Rocky, my understanding is that the maths is just a convenience. Complex numbers have the ability to reduce two real solutions to one complex one.

I think that's not the right way to look at QM. It's true that anywhere in math you can always reformulate complex numbers in terms of reals. But that doesn't mean the complex numbers have no physical meaning. Contrast QM to EM. You can do EM calculations using complex numbers but when finally getting the solution you take the real part. In that case the complex numbers are indeed "just a convenience" and EM (Maxwell's eqns) are naturally expressed with reals. But that's not the case with QM, where "i" has a deep physical meaning.

Consider two and three dimensions. We could say they're "just a convenience": they can be represented as tensor products of two and three 1-dimensional real number lines. But not only is that very awkward, also it doesn't negate the fact that the two and three dimensions have very important physical relevance. Or, consider transcendental numbers like pi and e. For any given problem we can get an arbitrarily accurate answer by representing pi and e as finite rational numbers, with enough decimal places. But still, the exact transcendental numbers have very important physical meaning (circumference of circle, Euler's number). The point: the fact we can get rid of "i" in QM by awkwardly using coupled real number equations (actually it's even more trouble than that), doesn't mean it has no physical significance.

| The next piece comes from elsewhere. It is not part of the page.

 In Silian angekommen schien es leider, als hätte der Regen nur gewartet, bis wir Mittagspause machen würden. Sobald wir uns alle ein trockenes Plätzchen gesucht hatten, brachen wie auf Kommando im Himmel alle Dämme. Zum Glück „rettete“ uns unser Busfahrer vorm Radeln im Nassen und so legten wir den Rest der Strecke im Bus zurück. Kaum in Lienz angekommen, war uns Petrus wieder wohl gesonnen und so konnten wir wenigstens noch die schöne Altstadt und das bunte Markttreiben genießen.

My favorite way of seeing that significance comes from Paul Dirac. The Hilbert space vector which represents a pure state always has norm 1, of course (that's why we're dealing with projective Hilbert Space). Thus the wavefunction represents a point on the unit sphere (in infinite dimensions). Now, what is the time derivative of that vector? It can only move on the unit circle: that means it can only move orthogonally to its direction. So the time derivative must be 90 degrees from the state vector's direction. 90 degrees rotation is represented by multiplying by "i". So the time derivative is i times the direction of the vector, and that's what the "i" on the left side of Schroedinger's eqn is for. Over-simplifying a bit.

BTW David Hestenes with his Geometric Algebra or Space-Time Algebra strongly makes the point that "i" is unnecessary in QM. But that doesn't contradict what I said above. He just substitutes a different square root of -1. (There are infinitely many square roots of -1 in geometric algebra.) So he still agrees that a quantity similar to i, playing the same role, has deep physical significance.

10. edguy99 says:

Seems there's some confusion. I think the best way to straighten it out is, please address the other point I made, which is very simple.

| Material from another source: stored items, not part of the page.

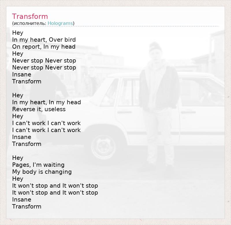 Hey In my heart, Over bird On report, In my head Hey Never stop Never stop Never stop Never stop Insane Transform Hey In my heart, In my head Reverse it, useless Hey I can't work I can't work I can't work I can't work Insane Transform Hey Pages, I'm waiting My body is changing Hey It won't stop and It won't stop It won't stop and It won't stop Insane Transform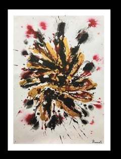 Maravillosa obra minimalista de técnica mixta en negro y rojo Circa 1970. Aunque el artista es desconocido, esta obra fue adquirida junto con piezas de los conocidos artistas Karel ...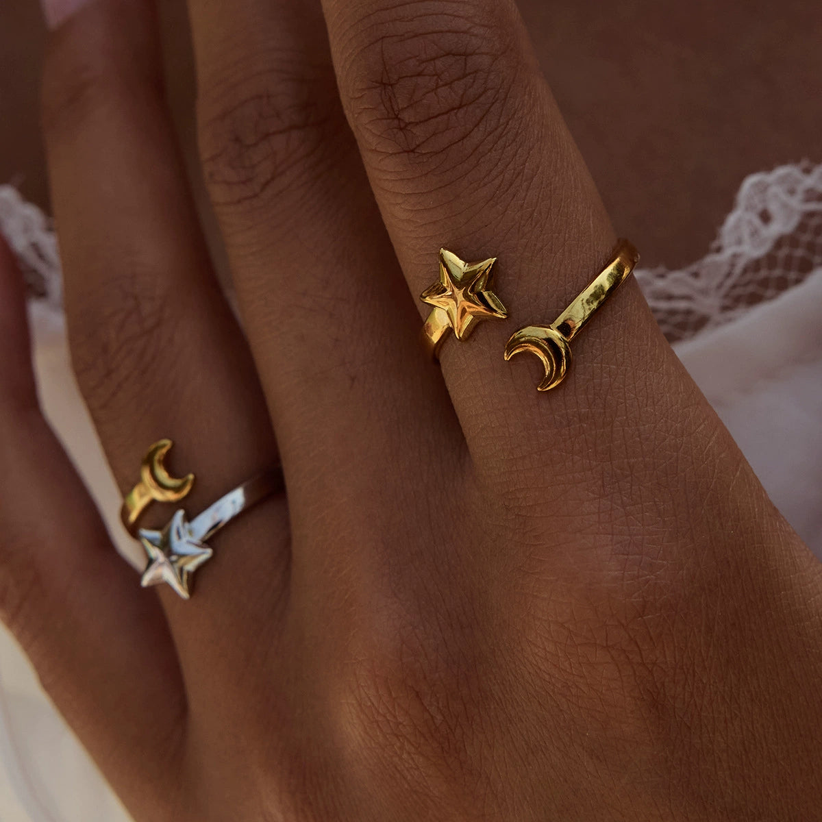 Women's Titanium Steel Open Ring With Geometric Star Moon Design And 18K Gold Electroplating

In this typical Bell-type experiment, QM says A and B must always be opposite (product is -1) when their detector angles are equal. A valid hidden-variable model must reproduce that behavior. But that's not the case with your model:

Can you clarify? I may be misunderstanding this.

Do you mean "when their detector angles are equal, they will always detect the opposite" as a statement of how nature works or as a way of classifying whether an experiment is "bell-type" or not?